Is MHonARC for me?

2000-10-30 23:43:01
Hi all,

I am trying to build a private (my use only!) archive of all my
emails I kept over the last few years (going back to 1996).
These were from a number of accounts on a number of systems,
mostly stored in PINE/IMAP folders in UNIX systems.

I recently backed all these up onto multiple CDs for the time being.

Now I want to create some type of archive or index, which should allow
me to find any old email in reasonable time.

My requirements:
        a) The system should be able to filter out numerous duplicate
           emails. I know I could use formail -D for this. Does MHonARC
           have a native detector for duplicate emails? It would be nice
           if it could detect even duplicates that differ in their M-ID
           (eg remails etc)

        b) The main requirement is that the archive INDEX is accessible
           easily, so I guess it will have to reside on my server's HD
           The index should be able to be stored on CD-R (or RW) for
           mobility and backup purposes.

           Minimal indexing requirements:
                From, To, CC, Bcc,Sender and their X-equivs (real names and 
                Message-ID, References
                Attachment filenames

                Some form of free-text indexes for the body would be nice but 
                I guess it would
                        a) create a humongous amount of data
                        b) be difficult to implement w/o also indexing
                           too common words (be, to, etc)
                        c) would require some powerful searchengine to
                           provide a useful interface..

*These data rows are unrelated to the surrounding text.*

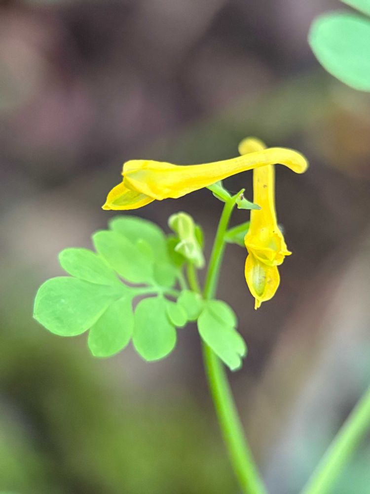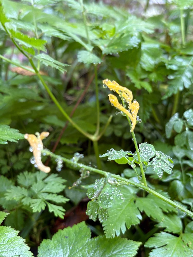 3枚目は滝のしぶきとマイナスイオンを受けるナガミノツルケマン🟡🟡🟡✨️💧💧💧
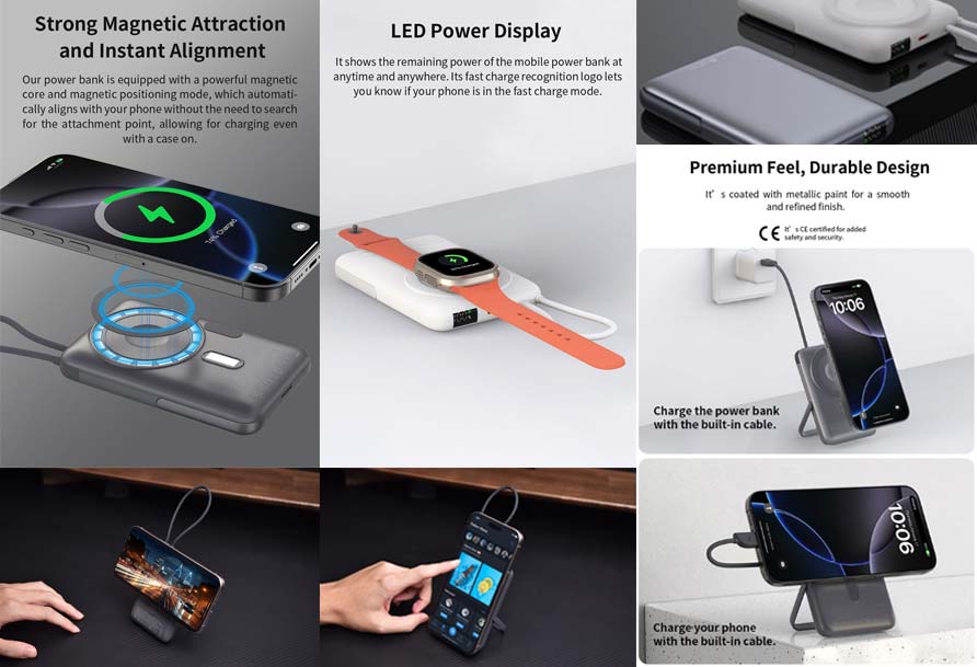 Η μπαταρία 10000mAh εξασφαλίζει μεγάλη αυτονομία για το smartphone και το smartwatch σου. Η οθόνη LED εμφανίζει πάντα το διαθέσιμο ποσοστό φόρτισης. Ο premium μεταλλικός σχεδιασμός προσφέρει ανθεκτικότητα και κομψή εμφάνιση, ιδανική για καθημερινή χρήση και ταξίδια.
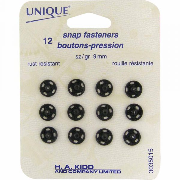 Snap Fasteners Black – size 1 / 9mm (3⁄8″) – 12 sets

                If MHonARC provides this, or there is some other tool
                which could be integrated into MHonARC with reasonable
                effort, I would be interested in this..

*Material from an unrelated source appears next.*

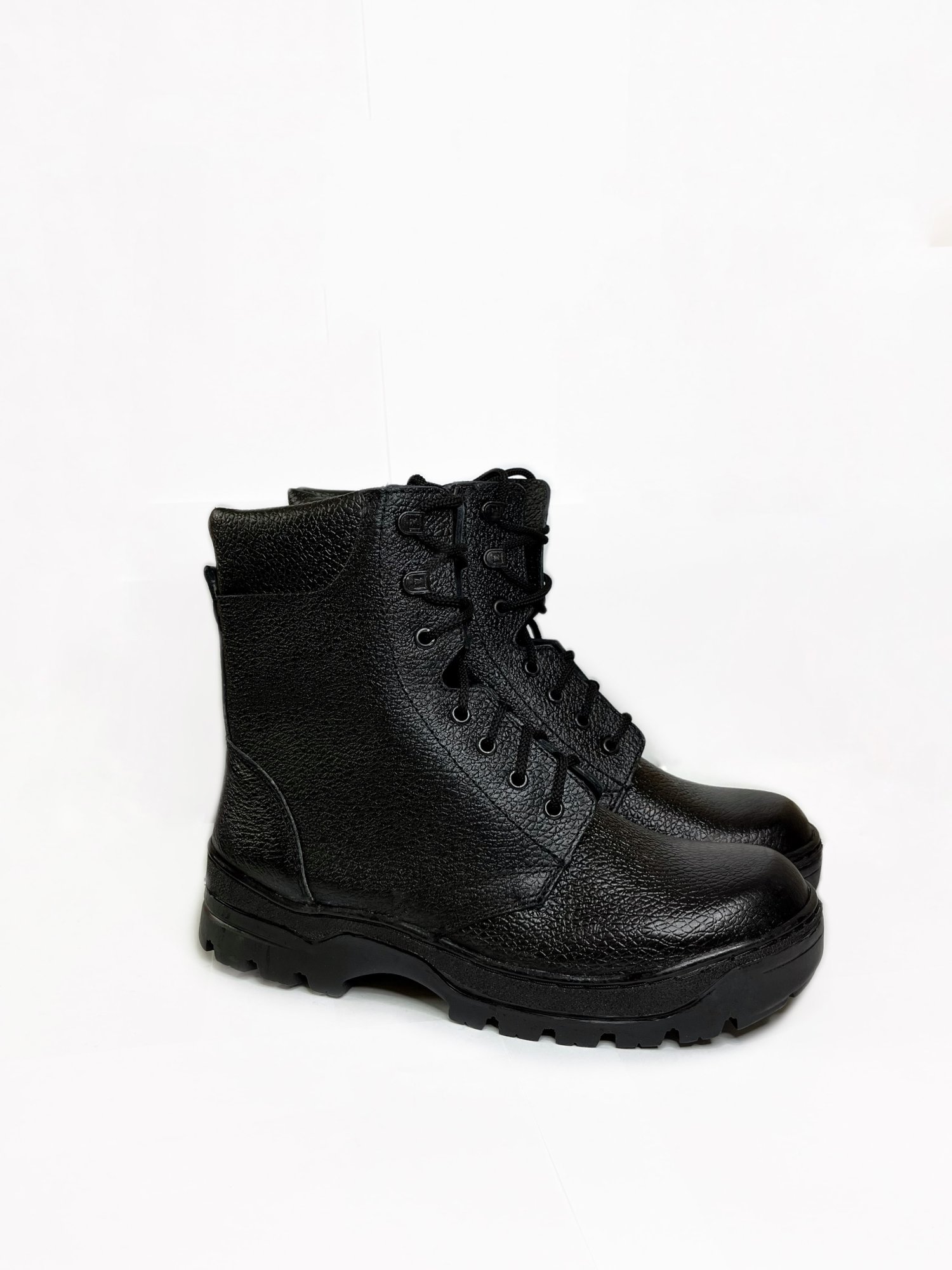Ботинки кожаные на искусственном меху - конструкция заготовки состоит из цельной союзки, высоких берец, детали мягкого канта, заднего наружного ремня и полуглухого клапана. По верху берец проходит мягкий бортик из натуральной кожи . В передней части берец имеется 5 пар блочек и 2 пары металлических крючков для шнурков. В носочной части установлен подносок из термопласта, в пяточной части - задник из термопласта. Метод крепления подошвы - клеевой.

        c) The archive (emails) itself can be stored on multiple CDs
           (CD-R or CD-RW). If the mails could be stored in a compressed
            format this would be OK with me too.

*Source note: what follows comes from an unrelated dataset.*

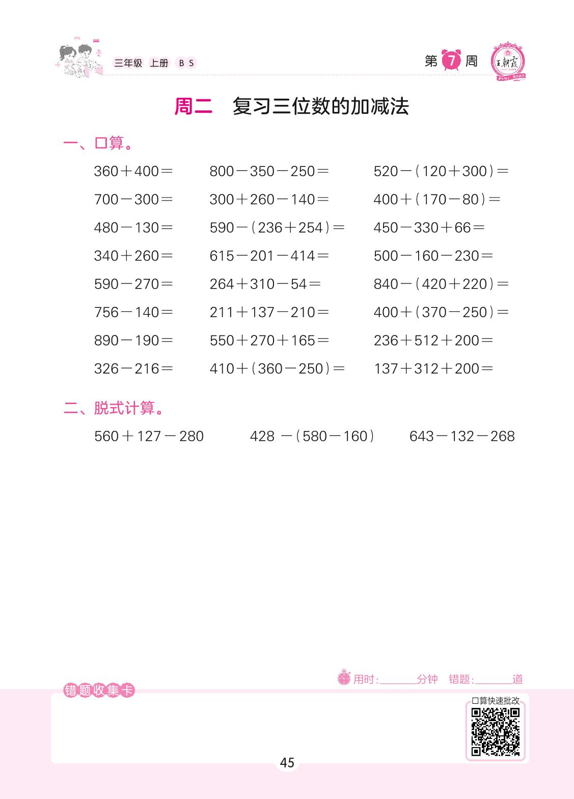 三年级数学北师版上册专项卷

           It would be nice if the system could split the archive
           automatically by date (eg year/month, so they can be put
           on CD separately). Mails that were duplicated in different
           periods might need a link ?

        d) Multi-system (Unix, Windows) access to the archive is a must. This
           is why I think MHonARC might be the right tool, as HTML can be
           read by both systems.

        e) The archive shold be extensible, so that I can pipe new mails into

Is there maybe a better tool than MHonARC to do this?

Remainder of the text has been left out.